When I went to my first meeting of the RCM Council ten years ago, I never dreamed that a decade on I would hear myself having to utter these words - that we are now in a pitched battle to secure the future of music itself. How on earth has this happened? My own musical journey in some ways illustrates the profound change that has taken place. It began when I was at Brentwood School in Essex. I remember to this day the electrifying moment when I started for the first time to make music – as so many do – on a recorder. I was hooked. The piano, which I still play, followed, along with the trumpet, clarinet and organ. Music dominated much of my time at school – making me, I think, a more rounded and happier pupil who did better in other subjects as a result. I took ABRSM exams, I did GCSE and A level, I played in orchestras and sang in choirs. My parents encouraged me – taking me to concerts in London and buying me records (wonderfully now back in fashion). That was how, listening for the first time to the Great C Major – which will be performed at the College

this term – I fell in love with Schubert, whose music has been the enduring passion of my life. And, of course, I took all this for granted – because music then was an opportunity that all children, no matter what school they went to or what their background, enjoyed. Tragically, that is no longer the case in state schools, where music is under sustained and brutal attack.
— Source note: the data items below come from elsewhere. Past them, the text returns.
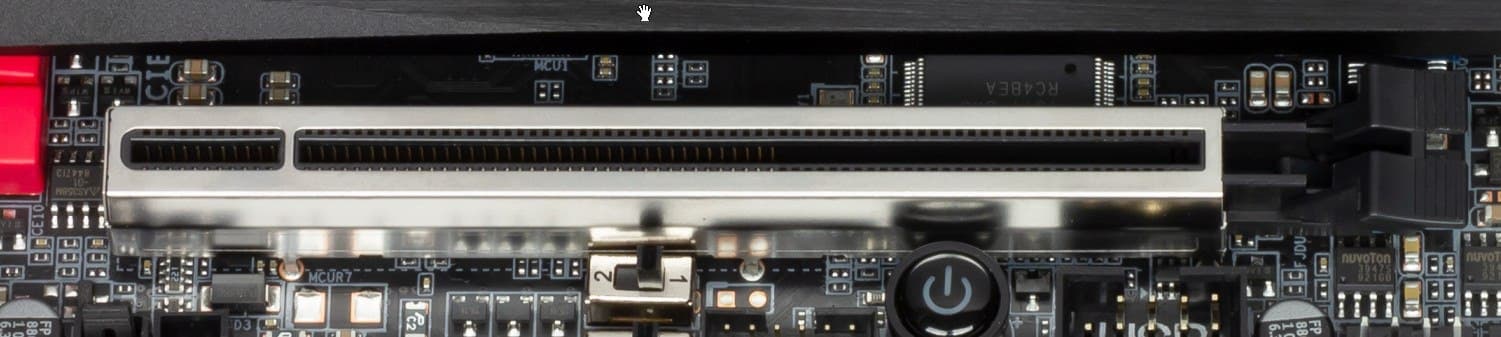 Если мы имеем самый последний Core i9-10xxxX, то данный слот всегда получает 8-линий PCI-E при условии того, что слот средний слот M.2 (М2М) не занят накопителем. Если же в этом слоте есть накопитель (а М2М работает только с PCI-E модулями), то второй слот PCI-Ex16 переключается с х8 на х4.
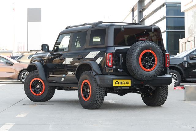 福特烈马60周年纪念版配备有固定式侧踏,前翼子板处提供专属纪念标识,车门底部则配有专属车身拉花,还采用了17英寸铝合金轮辋,搭配复古风格朱红色中心盖,印有“Bucking Bronco”以及“1966”字样 。车尾方面,该车继续提供侧开式尾门和外挂式备胎,备胎罩均为温布尔登白搭配红色“BRONCO”标识。
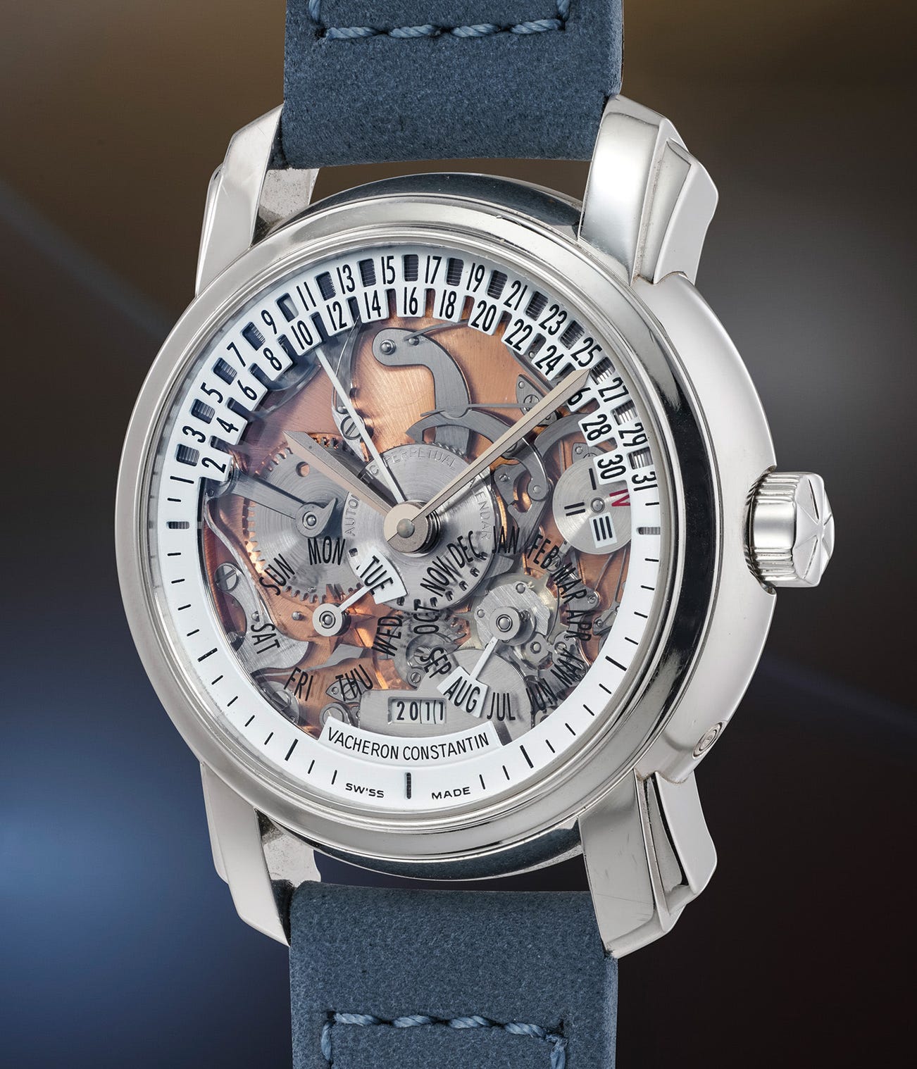 江詩丹頓,精美,鉑金萬年曆腕錶,備逆返日曆、年份顯示。附原裝證書及錶盒
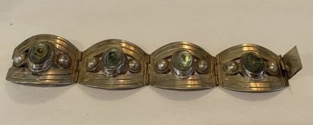 Mexican .925 Sterling Abalone Bracelet, 7"w. Location Living Room 2 Mexican .925 Sterling Abalone Bracelet, 7"w. Location Living Room 2
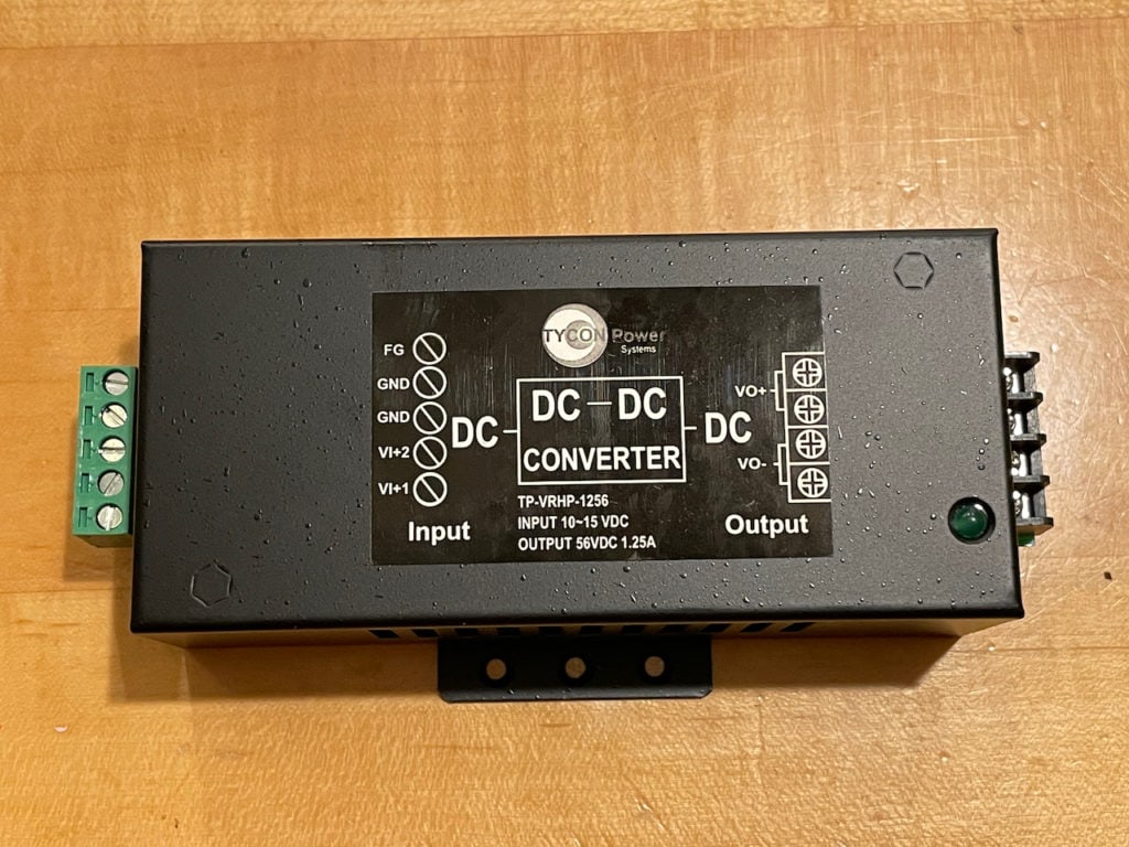 My preferred solution is from Tycon, who have been around a long time in the solar and carrier world – I've used products from Tycon in my solar experimentation back into the 1990s. Their TP-VRHP-1256 is perfect to convert 12v to 56v for the various devices that need it. It's a very well built unit with decent output, a big indicator light, and clear labeling.
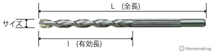 | 品番 | 刃先径サイズ | 全長 | 有効長 | 使用電動機 |
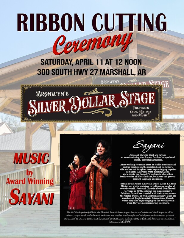 A ribbon-cutting ceremony for Bronwyn's Silver Dollar Stage will be held on Saturday, April 11, at noon at the future Heritage Park in Marshall. The park is located next to the Buffalo River Historic Jail & Museum. The day’s activities will include a special music program featuring Sayani, an award-winning mother-and-daughter Native American singing duo. Free! Please bring lawn chairs to enjoy this event!
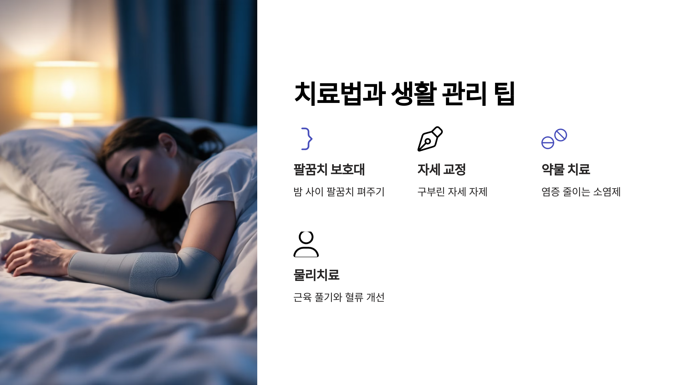 - 팔꿈치 보호대 착용: 밤 사이 팔꿈치를 펴주는 역할

An understanding and appreciation of music, and the ability to take part in it, should be the birth-right of all children, not just the privilege of those who can afford it. But because of short-sighted changes to the curriculum and funding cuts for local authorities, music in many places is dying out. In many schools, there is no music provision at all. The numbers taking GCSE and A level music are plummeting. The number of teachers is declining, as is music outside the classroom. And, as a study commissioned by the RCM and others earlier this year showed, it is the most disadvantaged – who need music the most – who are suffering.